• [Exercise data]
__________

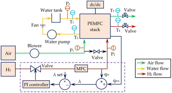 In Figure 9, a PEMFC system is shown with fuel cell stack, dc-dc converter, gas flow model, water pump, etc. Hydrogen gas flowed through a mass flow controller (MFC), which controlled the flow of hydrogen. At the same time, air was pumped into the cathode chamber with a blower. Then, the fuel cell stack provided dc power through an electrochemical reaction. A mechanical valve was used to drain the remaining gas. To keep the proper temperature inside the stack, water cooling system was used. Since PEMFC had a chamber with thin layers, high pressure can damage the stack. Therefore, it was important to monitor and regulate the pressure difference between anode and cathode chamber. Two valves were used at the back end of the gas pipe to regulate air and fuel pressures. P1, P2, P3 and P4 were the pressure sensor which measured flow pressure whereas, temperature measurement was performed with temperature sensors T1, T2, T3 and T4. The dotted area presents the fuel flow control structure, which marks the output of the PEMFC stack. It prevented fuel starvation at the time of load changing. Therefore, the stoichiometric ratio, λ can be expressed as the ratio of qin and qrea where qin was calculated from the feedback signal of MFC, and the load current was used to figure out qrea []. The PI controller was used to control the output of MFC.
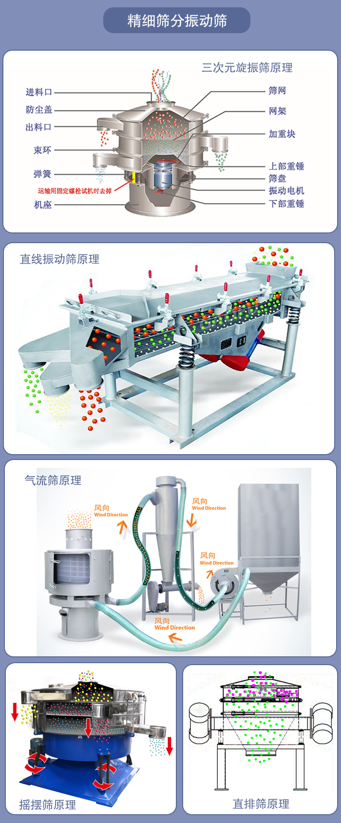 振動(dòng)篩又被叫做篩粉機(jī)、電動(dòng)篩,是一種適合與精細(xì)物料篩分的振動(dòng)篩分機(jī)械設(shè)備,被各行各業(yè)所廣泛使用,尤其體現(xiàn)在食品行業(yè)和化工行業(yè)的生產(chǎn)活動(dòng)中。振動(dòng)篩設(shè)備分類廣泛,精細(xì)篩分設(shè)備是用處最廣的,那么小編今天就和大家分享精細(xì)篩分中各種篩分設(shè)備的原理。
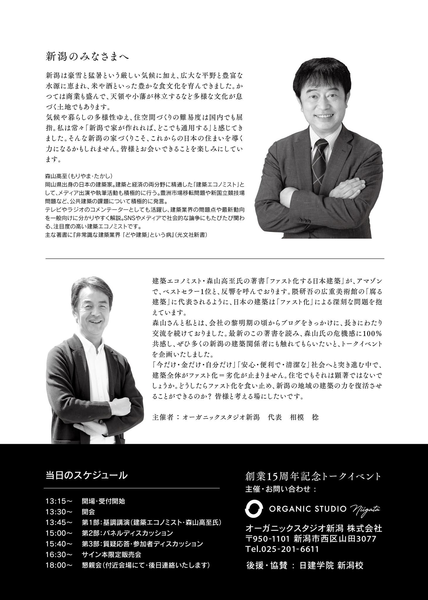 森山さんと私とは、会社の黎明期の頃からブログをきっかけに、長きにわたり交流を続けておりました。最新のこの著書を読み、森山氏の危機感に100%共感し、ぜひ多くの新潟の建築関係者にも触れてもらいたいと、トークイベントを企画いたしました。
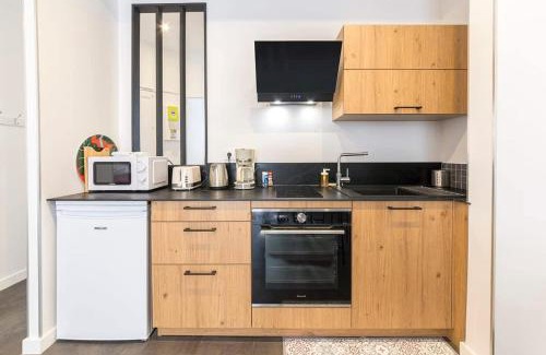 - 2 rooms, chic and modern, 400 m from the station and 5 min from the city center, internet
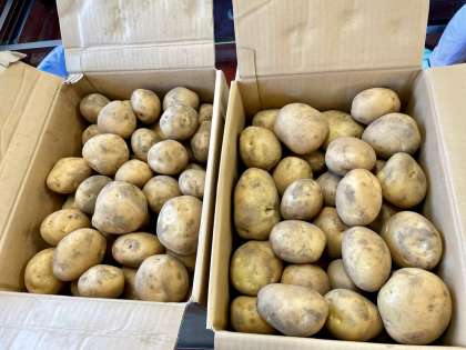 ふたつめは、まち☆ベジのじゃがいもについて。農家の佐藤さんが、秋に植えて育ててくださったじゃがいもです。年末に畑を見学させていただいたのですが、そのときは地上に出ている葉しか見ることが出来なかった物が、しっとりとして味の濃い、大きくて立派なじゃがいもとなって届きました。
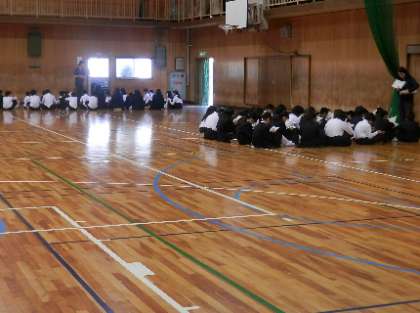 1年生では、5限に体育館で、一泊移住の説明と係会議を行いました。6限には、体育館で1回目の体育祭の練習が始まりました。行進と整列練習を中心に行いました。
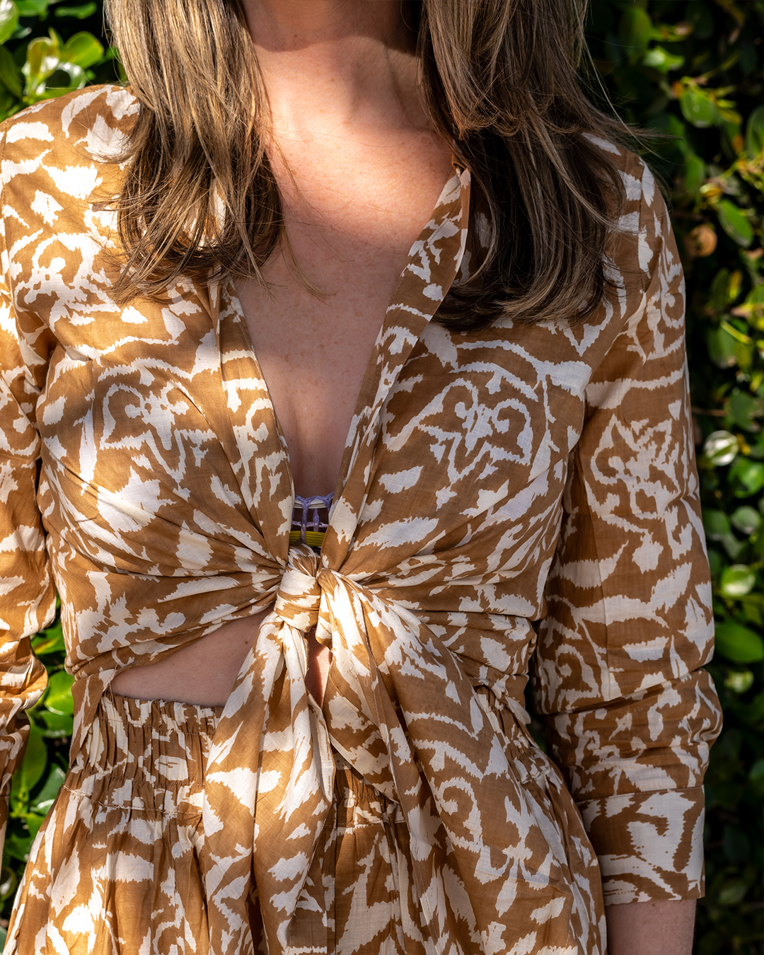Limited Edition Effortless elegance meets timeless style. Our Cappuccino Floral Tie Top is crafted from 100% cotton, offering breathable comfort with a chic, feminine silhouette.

__________

Without the pictures, set down the lines above from the line with "森山さんと私とは、会社の黎明" up to and including the line with "- 2 rooms, chic" exactly as they stand.

• [Expected answer]
 森山さんと私とは、会社の黎明期の頃からブログをきっかけに、長きにわたり交流を続けておりました。最新のこの著書を読み、森山氏の危機感に100%共感し、ぜひ多くの新潟の建築関係者にも触れてもらいたいと、トークイベントを企画いたしました。
 - 2 rooms, chic and modern, 400 m from the station and 5 min from the city center, internet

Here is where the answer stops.